──────── Data excerpts

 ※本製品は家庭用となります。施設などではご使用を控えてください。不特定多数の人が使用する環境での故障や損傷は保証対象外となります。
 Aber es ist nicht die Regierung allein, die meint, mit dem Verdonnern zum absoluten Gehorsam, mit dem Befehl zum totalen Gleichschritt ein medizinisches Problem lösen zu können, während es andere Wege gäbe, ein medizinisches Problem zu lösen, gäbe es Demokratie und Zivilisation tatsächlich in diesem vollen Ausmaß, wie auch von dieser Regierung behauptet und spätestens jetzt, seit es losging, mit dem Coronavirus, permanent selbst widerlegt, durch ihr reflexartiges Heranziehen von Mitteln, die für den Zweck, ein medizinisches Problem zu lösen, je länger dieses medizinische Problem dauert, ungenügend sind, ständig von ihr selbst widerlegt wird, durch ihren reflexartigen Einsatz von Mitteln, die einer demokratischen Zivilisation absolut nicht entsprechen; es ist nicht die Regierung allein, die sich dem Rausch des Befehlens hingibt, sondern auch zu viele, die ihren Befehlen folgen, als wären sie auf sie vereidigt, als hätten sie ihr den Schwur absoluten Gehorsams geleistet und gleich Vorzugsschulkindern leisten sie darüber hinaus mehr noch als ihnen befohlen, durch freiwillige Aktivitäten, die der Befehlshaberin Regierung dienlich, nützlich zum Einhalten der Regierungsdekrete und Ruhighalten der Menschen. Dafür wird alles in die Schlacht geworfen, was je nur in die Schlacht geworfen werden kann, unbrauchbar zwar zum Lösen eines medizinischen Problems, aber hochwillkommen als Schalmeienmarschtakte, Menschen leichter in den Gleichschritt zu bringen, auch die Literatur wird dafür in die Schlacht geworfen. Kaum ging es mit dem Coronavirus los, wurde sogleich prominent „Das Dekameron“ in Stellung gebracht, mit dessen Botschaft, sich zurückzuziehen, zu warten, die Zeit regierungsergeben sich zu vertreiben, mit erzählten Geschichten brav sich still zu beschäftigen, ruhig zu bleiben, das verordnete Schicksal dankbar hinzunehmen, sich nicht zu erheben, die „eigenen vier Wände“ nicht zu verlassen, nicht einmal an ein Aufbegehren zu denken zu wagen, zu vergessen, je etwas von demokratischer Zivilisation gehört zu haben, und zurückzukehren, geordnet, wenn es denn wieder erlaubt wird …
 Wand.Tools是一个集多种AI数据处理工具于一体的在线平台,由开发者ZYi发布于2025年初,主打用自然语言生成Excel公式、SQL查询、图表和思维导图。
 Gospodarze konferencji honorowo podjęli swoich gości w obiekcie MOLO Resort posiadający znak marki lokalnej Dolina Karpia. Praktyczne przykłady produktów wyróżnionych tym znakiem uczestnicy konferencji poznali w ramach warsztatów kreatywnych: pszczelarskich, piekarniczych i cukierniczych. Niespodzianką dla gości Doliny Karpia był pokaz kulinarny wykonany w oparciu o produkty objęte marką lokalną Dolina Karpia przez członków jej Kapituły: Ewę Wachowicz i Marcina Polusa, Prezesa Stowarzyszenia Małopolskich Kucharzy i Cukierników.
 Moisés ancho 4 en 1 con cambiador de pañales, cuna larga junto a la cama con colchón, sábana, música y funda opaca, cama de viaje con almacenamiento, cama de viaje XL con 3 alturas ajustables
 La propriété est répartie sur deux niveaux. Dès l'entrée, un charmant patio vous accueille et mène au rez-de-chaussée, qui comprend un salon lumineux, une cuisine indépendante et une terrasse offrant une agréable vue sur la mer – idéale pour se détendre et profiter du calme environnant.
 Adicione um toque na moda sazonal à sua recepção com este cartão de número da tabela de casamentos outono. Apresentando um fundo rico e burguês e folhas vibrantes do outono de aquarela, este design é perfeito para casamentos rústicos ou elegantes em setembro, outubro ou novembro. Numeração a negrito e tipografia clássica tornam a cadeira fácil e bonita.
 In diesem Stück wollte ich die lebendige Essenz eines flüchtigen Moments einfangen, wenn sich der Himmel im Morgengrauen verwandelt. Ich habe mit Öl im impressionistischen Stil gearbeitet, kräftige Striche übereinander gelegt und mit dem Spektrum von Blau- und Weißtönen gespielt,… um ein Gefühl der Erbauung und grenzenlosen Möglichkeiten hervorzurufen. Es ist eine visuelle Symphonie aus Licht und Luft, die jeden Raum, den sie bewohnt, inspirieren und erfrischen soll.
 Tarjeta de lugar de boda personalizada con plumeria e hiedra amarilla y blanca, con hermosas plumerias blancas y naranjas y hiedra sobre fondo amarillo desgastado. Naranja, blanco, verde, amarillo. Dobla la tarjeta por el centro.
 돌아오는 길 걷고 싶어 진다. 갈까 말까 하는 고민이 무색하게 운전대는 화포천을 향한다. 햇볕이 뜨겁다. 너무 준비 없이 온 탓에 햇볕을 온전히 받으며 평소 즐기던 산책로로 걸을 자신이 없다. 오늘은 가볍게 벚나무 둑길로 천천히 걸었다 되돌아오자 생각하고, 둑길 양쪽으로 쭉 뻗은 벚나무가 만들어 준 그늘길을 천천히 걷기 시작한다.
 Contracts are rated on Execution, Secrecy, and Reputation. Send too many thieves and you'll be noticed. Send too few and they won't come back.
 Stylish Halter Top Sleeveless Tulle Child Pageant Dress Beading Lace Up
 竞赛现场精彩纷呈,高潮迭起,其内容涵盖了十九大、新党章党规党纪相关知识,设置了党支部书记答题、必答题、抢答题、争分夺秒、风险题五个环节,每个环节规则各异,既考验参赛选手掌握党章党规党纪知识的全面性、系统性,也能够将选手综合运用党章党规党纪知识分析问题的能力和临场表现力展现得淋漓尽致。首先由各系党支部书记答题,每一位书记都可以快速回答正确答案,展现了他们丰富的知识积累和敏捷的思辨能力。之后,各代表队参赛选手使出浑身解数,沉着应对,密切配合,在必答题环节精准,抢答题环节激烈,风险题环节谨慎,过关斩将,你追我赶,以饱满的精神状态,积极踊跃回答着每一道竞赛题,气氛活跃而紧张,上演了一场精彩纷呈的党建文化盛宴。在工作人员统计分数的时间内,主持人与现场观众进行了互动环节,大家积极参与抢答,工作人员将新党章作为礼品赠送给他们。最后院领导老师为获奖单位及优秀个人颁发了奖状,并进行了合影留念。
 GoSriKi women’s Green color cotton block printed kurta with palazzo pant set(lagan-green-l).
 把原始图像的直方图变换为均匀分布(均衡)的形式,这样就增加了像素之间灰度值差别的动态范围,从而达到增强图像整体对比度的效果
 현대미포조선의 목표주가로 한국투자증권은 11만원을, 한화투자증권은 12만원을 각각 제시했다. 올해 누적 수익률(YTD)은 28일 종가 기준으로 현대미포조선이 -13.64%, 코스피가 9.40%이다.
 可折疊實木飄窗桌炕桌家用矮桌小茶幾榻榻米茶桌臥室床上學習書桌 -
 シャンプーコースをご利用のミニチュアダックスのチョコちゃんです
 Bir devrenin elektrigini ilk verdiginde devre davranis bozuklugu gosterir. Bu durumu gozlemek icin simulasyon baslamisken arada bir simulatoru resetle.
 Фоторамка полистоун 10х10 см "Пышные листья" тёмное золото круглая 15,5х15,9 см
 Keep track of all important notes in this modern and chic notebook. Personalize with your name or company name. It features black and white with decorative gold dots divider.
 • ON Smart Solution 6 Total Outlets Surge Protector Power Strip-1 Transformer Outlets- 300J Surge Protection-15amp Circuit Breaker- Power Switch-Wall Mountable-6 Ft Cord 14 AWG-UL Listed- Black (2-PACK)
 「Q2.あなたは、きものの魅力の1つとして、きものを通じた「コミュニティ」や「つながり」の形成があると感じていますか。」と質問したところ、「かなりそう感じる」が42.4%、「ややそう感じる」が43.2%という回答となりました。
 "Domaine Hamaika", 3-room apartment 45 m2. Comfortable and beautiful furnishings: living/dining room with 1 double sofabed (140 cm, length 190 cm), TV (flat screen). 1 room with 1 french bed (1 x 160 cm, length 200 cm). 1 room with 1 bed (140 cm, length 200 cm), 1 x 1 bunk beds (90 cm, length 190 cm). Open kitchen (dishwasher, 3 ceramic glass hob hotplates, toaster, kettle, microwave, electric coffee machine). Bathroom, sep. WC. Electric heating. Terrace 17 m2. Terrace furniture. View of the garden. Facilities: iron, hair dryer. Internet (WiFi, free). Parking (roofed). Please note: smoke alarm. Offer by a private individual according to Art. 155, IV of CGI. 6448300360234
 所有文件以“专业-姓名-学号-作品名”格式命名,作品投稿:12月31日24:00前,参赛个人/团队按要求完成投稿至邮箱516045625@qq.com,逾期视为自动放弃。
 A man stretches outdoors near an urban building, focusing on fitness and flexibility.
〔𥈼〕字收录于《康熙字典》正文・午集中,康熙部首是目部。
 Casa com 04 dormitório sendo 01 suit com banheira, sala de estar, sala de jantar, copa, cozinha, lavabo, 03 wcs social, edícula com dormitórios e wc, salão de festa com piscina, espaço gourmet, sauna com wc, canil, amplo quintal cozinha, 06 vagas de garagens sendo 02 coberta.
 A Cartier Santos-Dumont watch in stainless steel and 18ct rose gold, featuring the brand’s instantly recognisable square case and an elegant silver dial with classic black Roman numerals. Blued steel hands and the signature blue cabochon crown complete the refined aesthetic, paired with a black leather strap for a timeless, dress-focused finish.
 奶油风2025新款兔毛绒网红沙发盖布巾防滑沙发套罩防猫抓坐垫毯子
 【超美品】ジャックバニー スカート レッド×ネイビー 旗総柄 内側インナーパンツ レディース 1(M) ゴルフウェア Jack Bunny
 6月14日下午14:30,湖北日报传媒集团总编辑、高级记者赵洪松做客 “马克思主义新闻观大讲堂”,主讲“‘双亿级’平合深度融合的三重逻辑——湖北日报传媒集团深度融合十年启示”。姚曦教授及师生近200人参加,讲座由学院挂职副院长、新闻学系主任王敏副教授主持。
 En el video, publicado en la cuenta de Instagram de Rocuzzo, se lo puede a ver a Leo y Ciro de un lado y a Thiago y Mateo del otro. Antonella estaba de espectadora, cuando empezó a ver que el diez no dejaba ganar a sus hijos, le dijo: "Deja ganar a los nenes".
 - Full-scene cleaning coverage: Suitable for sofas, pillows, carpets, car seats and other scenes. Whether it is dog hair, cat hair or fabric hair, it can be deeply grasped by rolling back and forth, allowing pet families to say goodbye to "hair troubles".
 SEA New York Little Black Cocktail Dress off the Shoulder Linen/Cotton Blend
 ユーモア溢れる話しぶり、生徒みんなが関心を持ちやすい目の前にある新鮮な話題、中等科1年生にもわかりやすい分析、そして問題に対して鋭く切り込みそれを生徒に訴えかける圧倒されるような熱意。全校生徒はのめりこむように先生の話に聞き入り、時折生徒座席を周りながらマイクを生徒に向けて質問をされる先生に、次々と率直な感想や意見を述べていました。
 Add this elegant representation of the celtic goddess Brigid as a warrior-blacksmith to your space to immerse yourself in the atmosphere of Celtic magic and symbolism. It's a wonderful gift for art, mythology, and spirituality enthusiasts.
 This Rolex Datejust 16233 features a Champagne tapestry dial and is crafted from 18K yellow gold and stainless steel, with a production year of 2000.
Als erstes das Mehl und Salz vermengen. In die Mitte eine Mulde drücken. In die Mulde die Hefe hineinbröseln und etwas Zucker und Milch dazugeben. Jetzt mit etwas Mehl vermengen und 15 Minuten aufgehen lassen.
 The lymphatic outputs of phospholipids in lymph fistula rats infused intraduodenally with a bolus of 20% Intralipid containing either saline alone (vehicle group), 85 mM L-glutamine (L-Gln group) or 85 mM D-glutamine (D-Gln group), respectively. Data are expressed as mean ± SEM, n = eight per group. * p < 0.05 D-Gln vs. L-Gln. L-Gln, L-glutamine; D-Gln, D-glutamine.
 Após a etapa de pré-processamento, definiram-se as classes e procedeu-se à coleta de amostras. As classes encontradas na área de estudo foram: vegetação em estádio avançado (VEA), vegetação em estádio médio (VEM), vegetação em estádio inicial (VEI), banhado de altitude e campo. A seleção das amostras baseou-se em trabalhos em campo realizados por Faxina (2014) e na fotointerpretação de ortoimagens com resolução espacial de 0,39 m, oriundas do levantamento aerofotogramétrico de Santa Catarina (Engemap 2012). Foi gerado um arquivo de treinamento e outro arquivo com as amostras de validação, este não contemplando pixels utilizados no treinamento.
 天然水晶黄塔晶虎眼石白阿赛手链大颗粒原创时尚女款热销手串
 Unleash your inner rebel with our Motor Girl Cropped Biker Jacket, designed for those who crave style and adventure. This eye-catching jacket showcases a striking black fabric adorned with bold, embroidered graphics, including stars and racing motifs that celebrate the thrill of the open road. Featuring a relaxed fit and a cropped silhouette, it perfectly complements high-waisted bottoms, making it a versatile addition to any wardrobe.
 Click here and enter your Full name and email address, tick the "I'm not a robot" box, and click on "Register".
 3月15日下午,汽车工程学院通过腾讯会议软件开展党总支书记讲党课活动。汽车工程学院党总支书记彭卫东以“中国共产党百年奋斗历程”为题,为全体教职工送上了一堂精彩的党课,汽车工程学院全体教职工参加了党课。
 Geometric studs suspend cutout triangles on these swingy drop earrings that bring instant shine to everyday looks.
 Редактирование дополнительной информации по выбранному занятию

────────────────

* **Prompt**: The result should be every line of the material that contains the word "dial", so copy those lines.

* **Final answer**:
 A Cartier Santos-Dumont watch in stainless steel and 18ct rose gold, featuring the brand’s instantly recognisable square case and an elegant silver dial with classic black Roman numerals. Blued steel hands and the signature blue cabochon crown complete the refined aesthetic, paired with a black leather strap for a timeless, dress-focused finish.
 This Rolex Datejust 16233 features a Champagne tapestry dial and is crafted from 18K yellow gold and stainless steel, with a production year of 2000.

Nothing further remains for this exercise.